* _YOUR OBJECTIVE_: All of the data that follows is to be printed exactly, without pictures.

* _SOURCE DATA_:
=-=-=
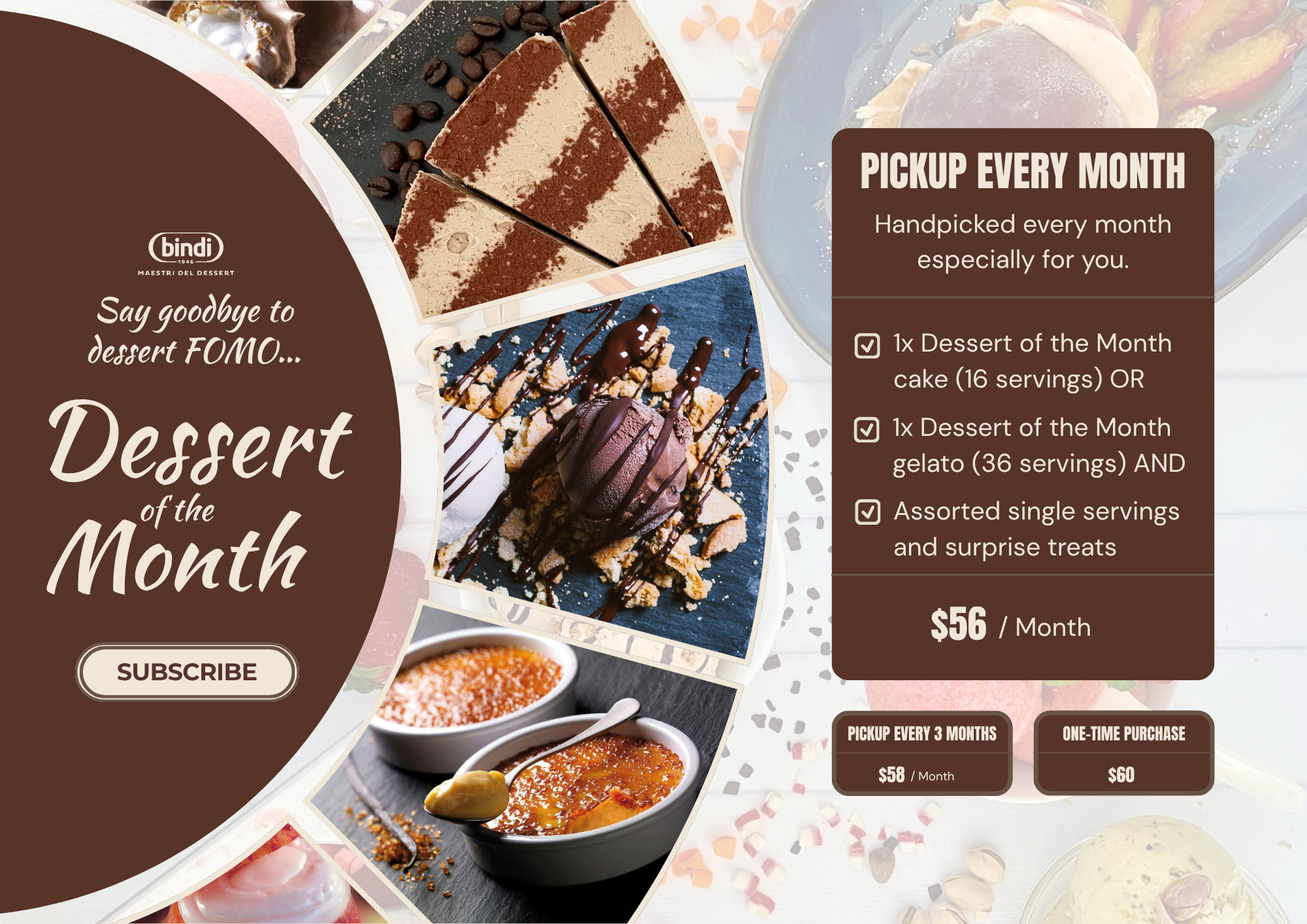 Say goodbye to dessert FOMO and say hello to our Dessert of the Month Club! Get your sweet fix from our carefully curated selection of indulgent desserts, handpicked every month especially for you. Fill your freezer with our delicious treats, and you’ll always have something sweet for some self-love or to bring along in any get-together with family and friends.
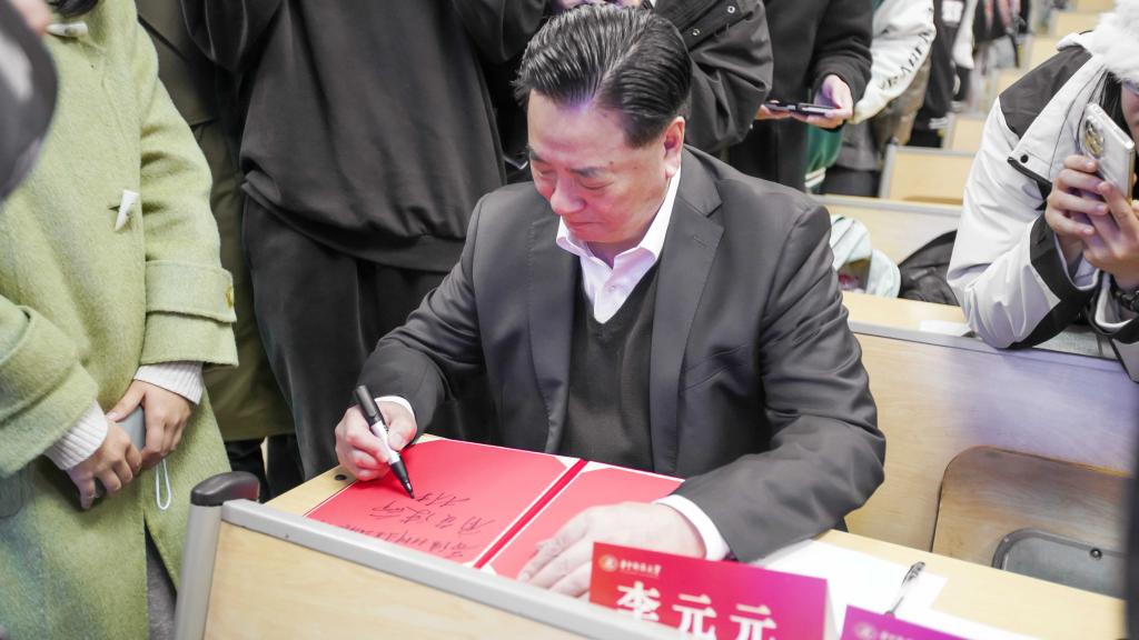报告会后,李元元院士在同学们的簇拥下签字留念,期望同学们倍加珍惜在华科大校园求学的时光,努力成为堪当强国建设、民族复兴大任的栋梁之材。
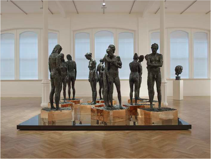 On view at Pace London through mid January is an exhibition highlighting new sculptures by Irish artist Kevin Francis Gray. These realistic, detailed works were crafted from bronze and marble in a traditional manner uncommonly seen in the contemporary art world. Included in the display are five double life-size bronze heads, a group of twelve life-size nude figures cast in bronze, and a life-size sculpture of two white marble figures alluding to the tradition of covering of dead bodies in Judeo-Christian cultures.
=-=-=
* _FINAL ANSWER_:
 Say goodbye to dessert FOMO and say hello to our Dessert of the Month Club! Get your sweet fix from our carefully curated selection of indulgent desserts, handpicked every month especially for you. Fill your freezer with our delicious treats, and you’ll always have something sweet for some self-love or to bring along in any get-together with family and friends.
报告会后,李元元院士在同学们的簇拥下签字留念,期望同学们倍加珍惜在华科大校园求学的时光,努力成为堪当强国建设、民族复兴大任的栋梁之材。
 On view at Pace London through mid January is an exhibition highlighting new sculptures by Irish artist Kevin Francis Gray. These realistic, detailed works were crafted from bronze and marble in a traditional manner uncommonly seen in the contemporary art world. Included in the display are five double life-size bronze heads, a group of twelve life-size nude figures cast in bronze, and a life-size sculpture of two white marble figures alluding to the tradition of covering of dead bodies in Judeo-Christian cultures.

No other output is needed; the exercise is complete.